━━ COLLECTED DATA
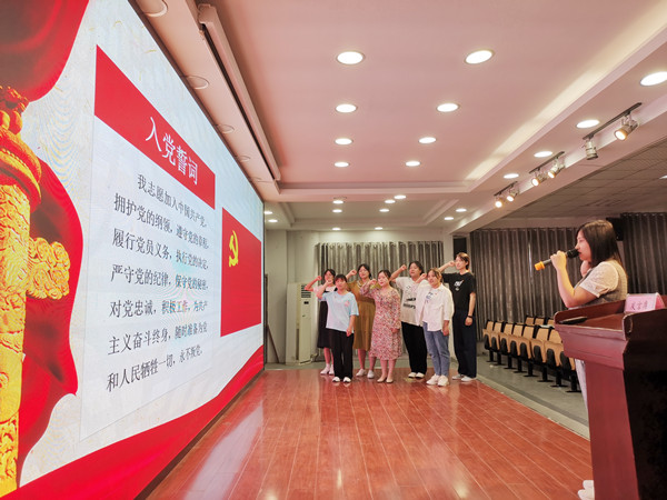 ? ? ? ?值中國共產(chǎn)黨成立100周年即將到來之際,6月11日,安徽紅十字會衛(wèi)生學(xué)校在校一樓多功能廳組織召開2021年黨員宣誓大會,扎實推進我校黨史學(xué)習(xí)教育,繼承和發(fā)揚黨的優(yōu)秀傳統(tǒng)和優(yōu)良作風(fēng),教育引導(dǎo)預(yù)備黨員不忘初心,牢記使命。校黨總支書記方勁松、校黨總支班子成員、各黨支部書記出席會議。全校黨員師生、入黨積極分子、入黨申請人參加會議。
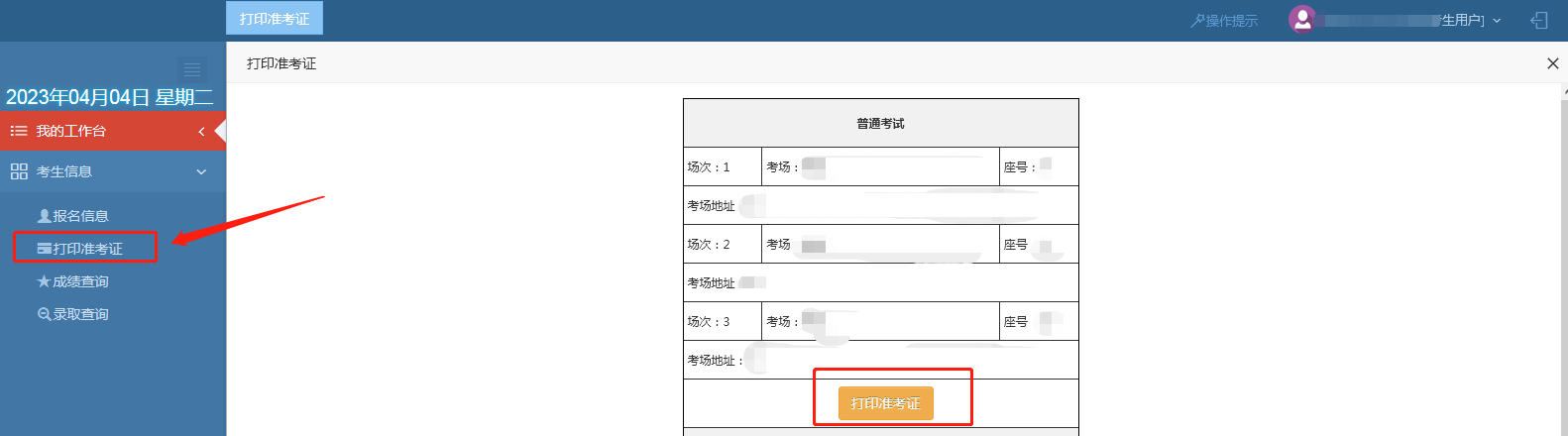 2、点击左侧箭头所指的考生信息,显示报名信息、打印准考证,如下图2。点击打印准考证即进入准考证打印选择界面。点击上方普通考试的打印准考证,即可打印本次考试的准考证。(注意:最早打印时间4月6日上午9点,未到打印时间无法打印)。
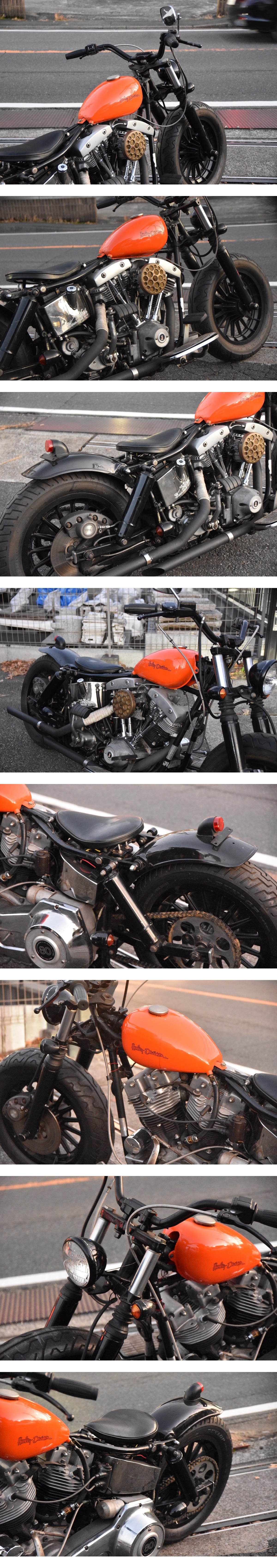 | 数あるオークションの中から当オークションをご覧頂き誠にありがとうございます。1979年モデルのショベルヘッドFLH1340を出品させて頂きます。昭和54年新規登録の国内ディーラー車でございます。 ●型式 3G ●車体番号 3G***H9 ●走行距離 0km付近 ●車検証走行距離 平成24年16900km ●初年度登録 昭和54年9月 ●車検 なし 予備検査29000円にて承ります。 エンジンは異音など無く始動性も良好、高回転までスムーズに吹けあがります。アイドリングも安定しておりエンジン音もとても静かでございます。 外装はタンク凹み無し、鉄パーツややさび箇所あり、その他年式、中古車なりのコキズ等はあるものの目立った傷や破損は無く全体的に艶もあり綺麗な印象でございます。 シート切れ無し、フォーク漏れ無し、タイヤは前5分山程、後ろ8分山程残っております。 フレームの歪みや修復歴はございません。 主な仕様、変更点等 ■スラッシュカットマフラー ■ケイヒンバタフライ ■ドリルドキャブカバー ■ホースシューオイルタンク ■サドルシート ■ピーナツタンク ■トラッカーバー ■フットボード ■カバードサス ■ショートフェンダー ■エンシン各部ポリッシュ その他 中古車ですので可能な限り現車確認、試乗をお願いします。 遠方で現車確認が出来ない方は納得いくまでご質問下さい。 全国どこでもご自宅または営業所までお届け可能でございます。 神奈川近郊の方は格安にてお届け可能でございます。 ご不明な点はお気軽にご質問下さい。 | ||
━━━━
◆ **DESCRIPTION OF THE TASK**
Reproduce the listing verbatim, and keep the pictures out of the copy.

◆ **ANSWER AREA**
 ? ? ? ?值中國共產(chǎn)黨成立100周年即將到來之際,6月11日,安徽紅十字會衛(wèi)生學(xué)校在校一樓多功能廳組織召開2021年黨員宣誓大會,扎實推進我校黨史學(xué)習(xí)教育,繼承和發(fā)揚黨的優(yōu)秀傳統(tǒng)和優(yōu)良作風(fēng),教育引導(dǎo)預(yù)備黨員不忘初心,牢記使命。校黨總支書記方勁松、校黨總支班子成員、各黨支部書記出席會議。全校黨員師生、入黨積極分子、入黨申請人參加會議。
 2、点击左侧箭头所指的考生信息,显示报名信息、打印准考证,如下图2。点击打印准考证即进入准考证打印选择界面。点击上方普通考试的打印准考证,即可打印本次考试的准考证。(注意:最早打印时间4月6日上午9点,未到打印时间无法打印)。
 | 数あるオークションの中から当オークションをご覧頂き誠にありがとうございます。1979年モデルのショベルヘッドFLH1340を出品させて頂きます。昭和54年新規登録の国内ディーラー車でございます。 ●型式 3G ●車体番号 3G***H9 ●走行距離 0km付近 ●車検証走行距離 平成24年16900km ●初年度登録 昭和54年9月 ●車検 なし 予備検査29000円にて承ります。 エンジンは異音など無く始動性も良好、高回転までスムーズに吹けあがります。アイドリングも安定しておりエンジン音もとても静かでございます。 外装はタンク凹み無し、鉄パーツややさび箇所あり、その他年式、中古車なりのコキズ等はあるものの目立った傷や破損は無く全体的に艶もあり綺麗な印象でございます。 シート切れ無し、フォーク漏れ無し、タイヤは前5分山程、後ろ8分山程残っております。 フレームの歪みや修復歴はございません。 主な仕様、変更点等 ■スラッシュカットマフラー ■ケイヒンバタフライ ■ドリルドキャブカバー ■ホースシューオイルタンク ■サドルシート ■ピーナツタンク ■トラッカーバー ■フットボード ■カバードサス ■ショートフェンダー ■エンシン各部ポリッシュ その他 中古車ですので可能な限り現車確認、試乗をお願いします。 遠方で現車確認が出来ない方は納得いくまでご質問下さい。 全国どこでもご自宅または営業所までお届け可能でございます。 神奈川近郊の方は格安にてお届け可能でございます。 ご不明な点はお気軽にご質問下さい。 | ||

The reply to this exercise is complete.